I hated myself. My past tarnished me before, left me dirty and grimy and grated with such awful truth that I didn’t know when the nightmare ended and the rest of me began. But I never, ever thought I’d be grateful for the opportunity to hide behind it.
As long as Thorne thought my past abuse freaked me out enough to run, I wouldn’t have to worry about making an excuse to meet with Exorcist.
“I’m leaving,” I said. “Just for the afternoon.”
“No, you’re not.”
“You can’t keep me here.”
“Want to bet?”
I seized a breaking breath. “I’m not your prisoner, Thorne.”
“Really?”
I didn’t like his tone. Or the way he looked at me. Or how the sudden flutter in my chest matched the cruelty tightening his jaw.
“No. You don’t have the authority.”
“Yes, I do.”
My stomach twisted. “I told you before.
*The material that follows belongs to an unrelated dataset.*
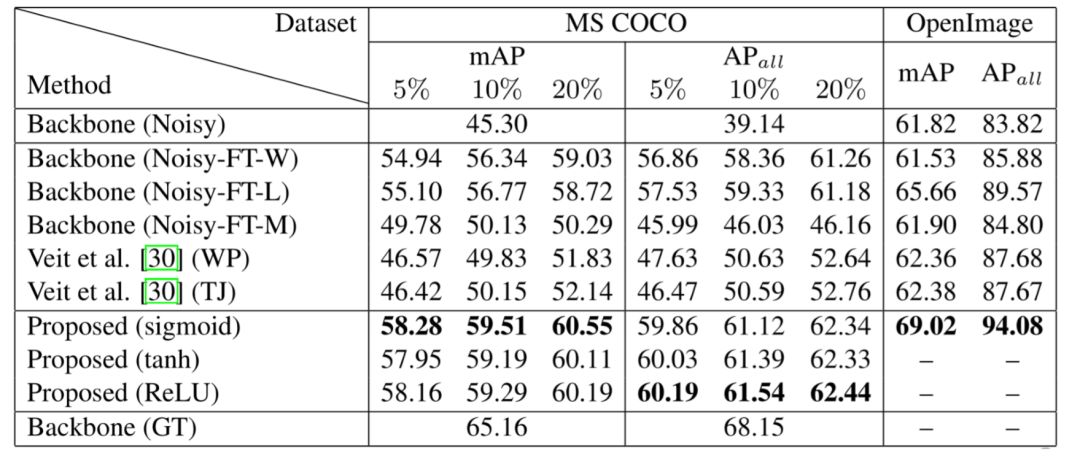 在MSCOCO和OpenImage数据集上,我们分别选取了5%-20%比例的干净标签和全部的人工确认标签作为干净数据集合。可以看出,与基准方法比较,即使干净数据只有5%的比例,我们的方法依然能有较好的性能提升。

I am not your whore.”
“You think you could stop me?”
“You really are a monster, aren’t you?”
“If it keeps you safe then I am every monster under your bed, demon in your closet, and intruder at your fucking door.”
“I want to leave,” I whispered.
“This is for your own good.”
No one ever acted for my own good, and if they said they did, they were lying. Rule number one in Anathema. The club came first. Not little Rose Bud. Not even if she needed help.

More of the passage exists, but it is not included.